• Exercise
Make an exact copy, from the records below, of the lines from the line containing "不动产证明注销登记公告" to the line containing "至尊宝蓝全皮肤还有一些零零散散星元皮该有的都有一些玩的挺舒服的", both lines included, excluding pictures.

• Provided data
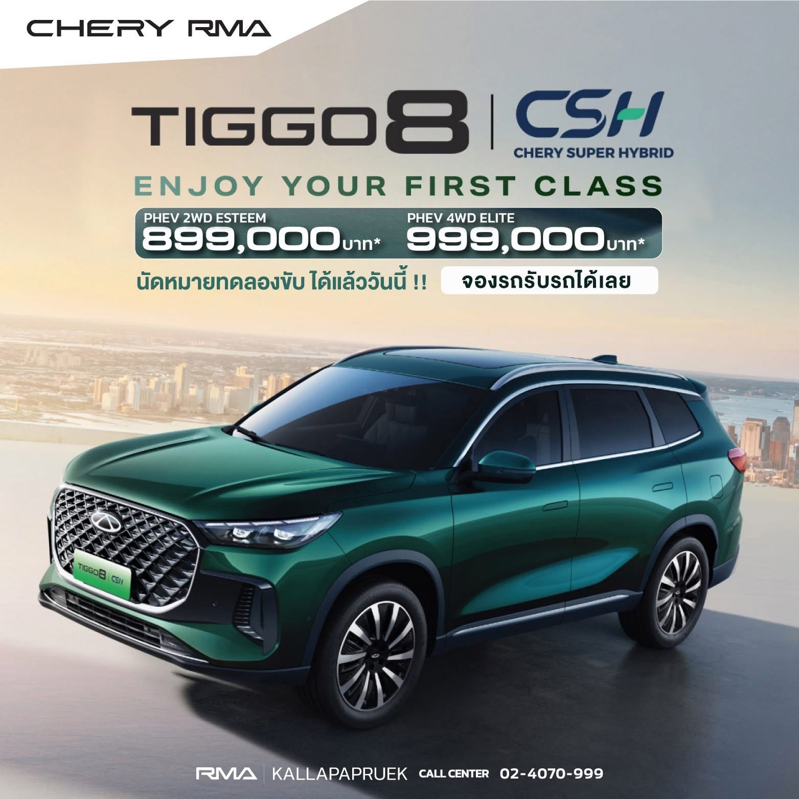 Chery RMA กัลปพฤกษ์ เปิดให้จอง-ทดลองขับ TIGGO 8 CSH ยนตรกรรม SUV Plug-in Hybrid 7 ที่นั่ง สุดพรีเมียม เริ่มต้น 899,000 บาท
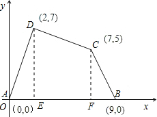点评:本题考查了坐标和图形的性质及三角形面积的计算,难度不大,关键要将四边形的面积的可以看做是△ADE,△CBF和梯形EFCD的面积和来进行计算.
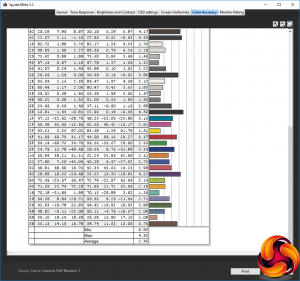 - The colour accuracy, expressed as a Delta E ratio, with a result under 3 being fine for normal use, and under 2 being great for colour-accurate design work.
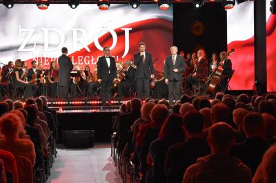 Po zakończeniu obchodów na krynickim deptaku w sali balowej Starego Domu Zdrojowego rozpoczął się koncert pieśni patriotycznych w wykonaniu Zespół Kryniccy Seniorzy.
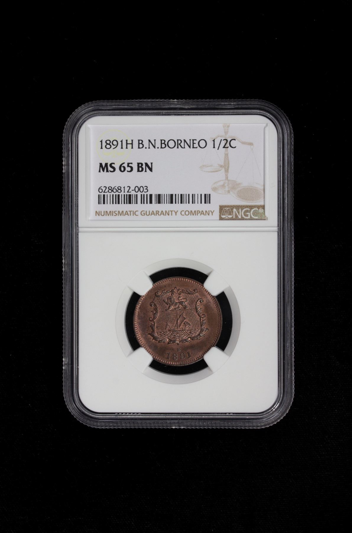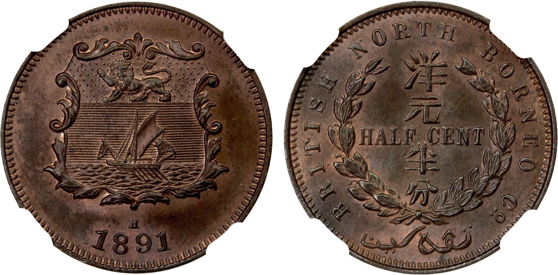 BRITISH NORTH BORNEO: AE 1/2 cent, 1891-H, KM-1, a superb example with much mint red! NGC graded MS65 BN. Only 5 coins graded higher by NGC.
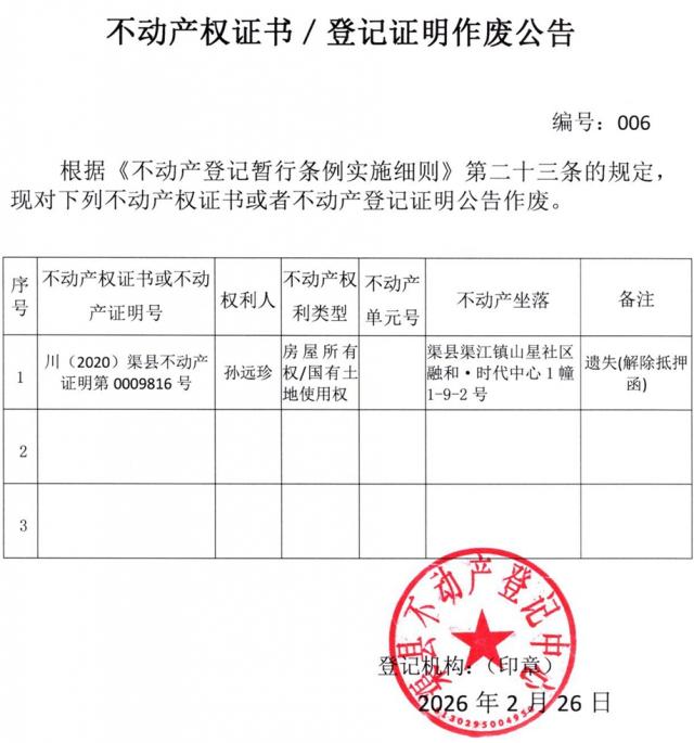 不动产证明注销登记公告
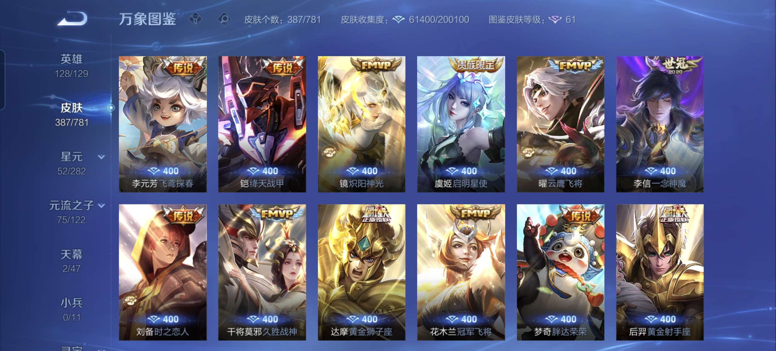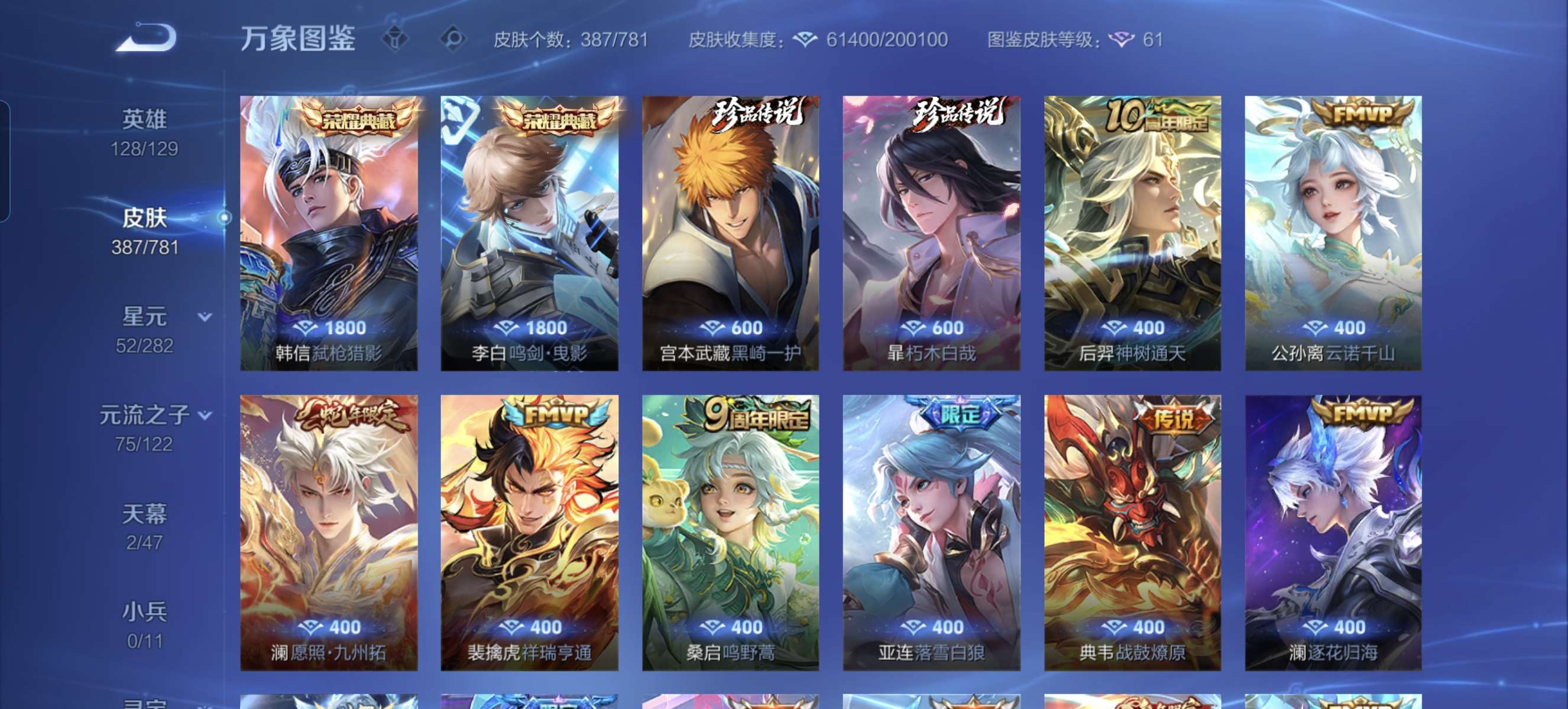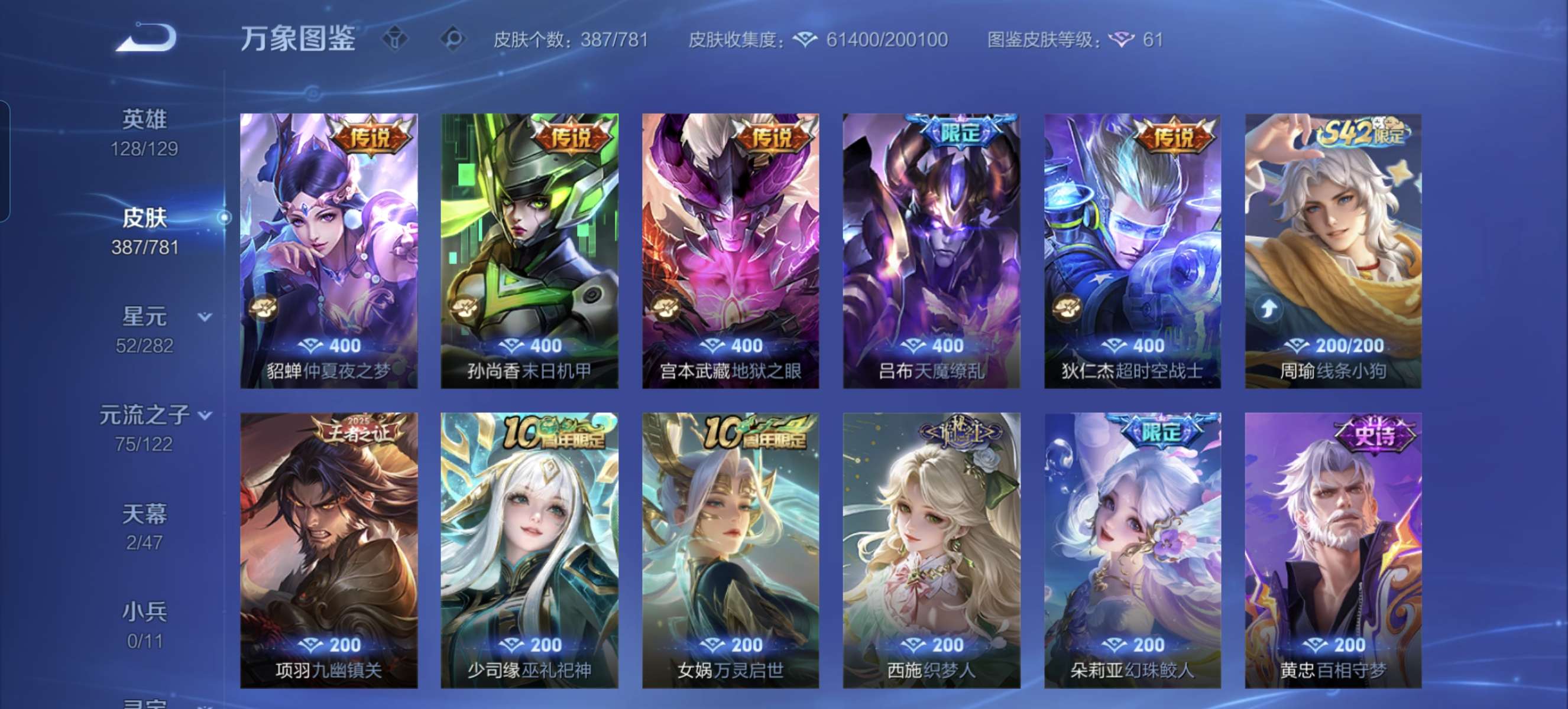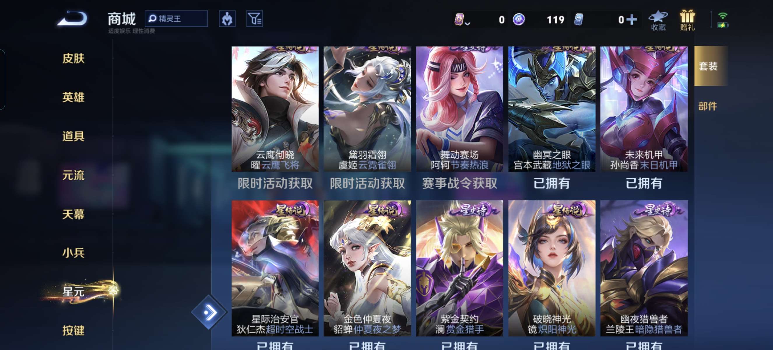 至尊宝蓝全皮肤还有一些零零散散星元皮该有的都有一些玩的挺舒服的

* * *

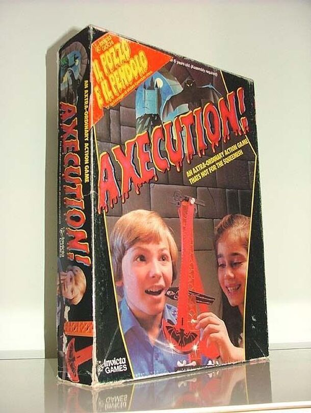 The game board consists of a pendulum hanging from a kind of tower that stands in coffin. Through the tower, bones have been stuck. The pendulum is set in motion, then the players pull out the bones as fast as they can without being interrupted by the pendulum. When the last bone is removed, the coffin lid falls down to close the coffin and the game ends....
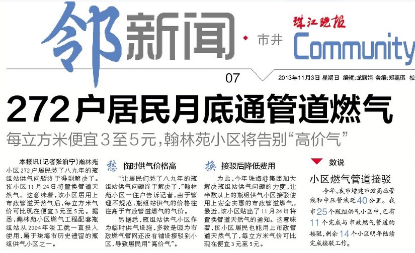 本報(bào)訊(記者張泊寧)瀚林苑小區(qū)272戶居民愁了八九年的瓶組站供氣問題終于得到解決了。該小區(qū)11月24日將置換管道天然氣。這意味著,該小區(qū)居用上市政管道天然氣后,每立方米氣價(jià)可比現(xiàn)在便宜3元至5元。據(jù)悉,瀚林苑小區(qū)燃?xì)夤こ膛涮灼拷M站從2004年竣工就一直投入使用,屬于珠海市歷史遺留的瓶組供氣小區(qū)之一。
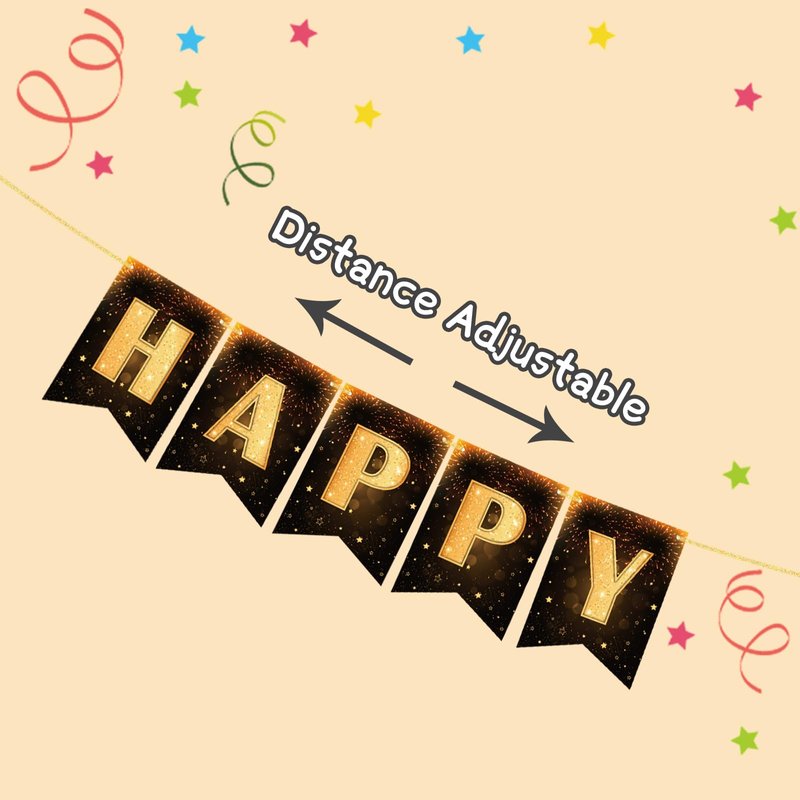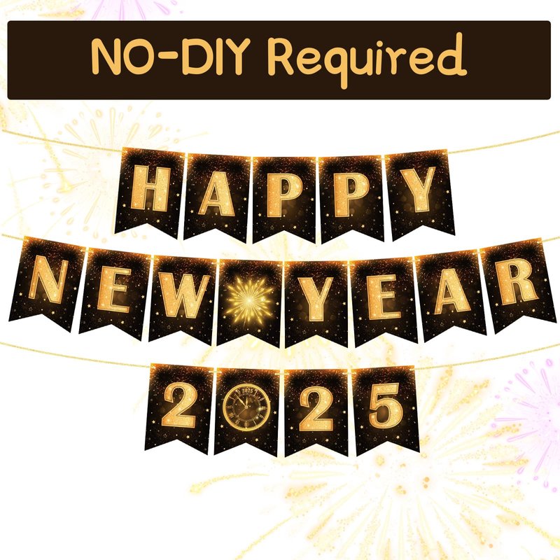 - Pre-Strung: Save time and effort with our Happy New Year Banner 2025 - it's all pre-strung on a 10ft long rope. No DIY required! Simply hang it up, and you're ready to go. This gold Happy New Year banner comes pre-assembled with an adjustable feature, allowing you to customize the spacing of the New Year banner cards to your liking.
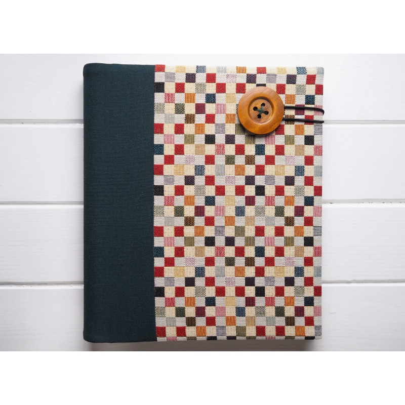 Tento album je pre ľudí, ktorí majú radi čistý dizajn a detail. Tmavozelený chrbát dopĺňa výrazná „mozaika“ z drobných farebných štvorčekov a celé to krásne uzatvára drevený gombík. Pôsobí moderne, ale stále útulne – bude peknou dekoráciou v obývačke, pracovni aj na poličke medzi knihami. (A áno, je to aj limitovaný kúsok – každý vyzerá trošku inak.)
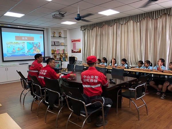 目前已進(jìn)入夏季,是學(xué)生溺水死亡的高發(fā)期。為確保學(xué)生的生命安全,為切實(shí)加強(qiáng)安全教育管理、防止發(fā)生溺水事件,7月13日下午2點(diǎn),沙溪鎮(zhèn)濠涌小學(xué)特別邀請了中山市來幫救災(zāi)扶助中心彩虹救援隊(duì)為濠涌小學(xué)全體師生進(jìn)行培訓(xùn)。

• Expected answer
 不动产证明注销登记公告
 至尊宝蓝全皮肤还有一些零零散散星元皮该有的都有一些玩的挺舒服的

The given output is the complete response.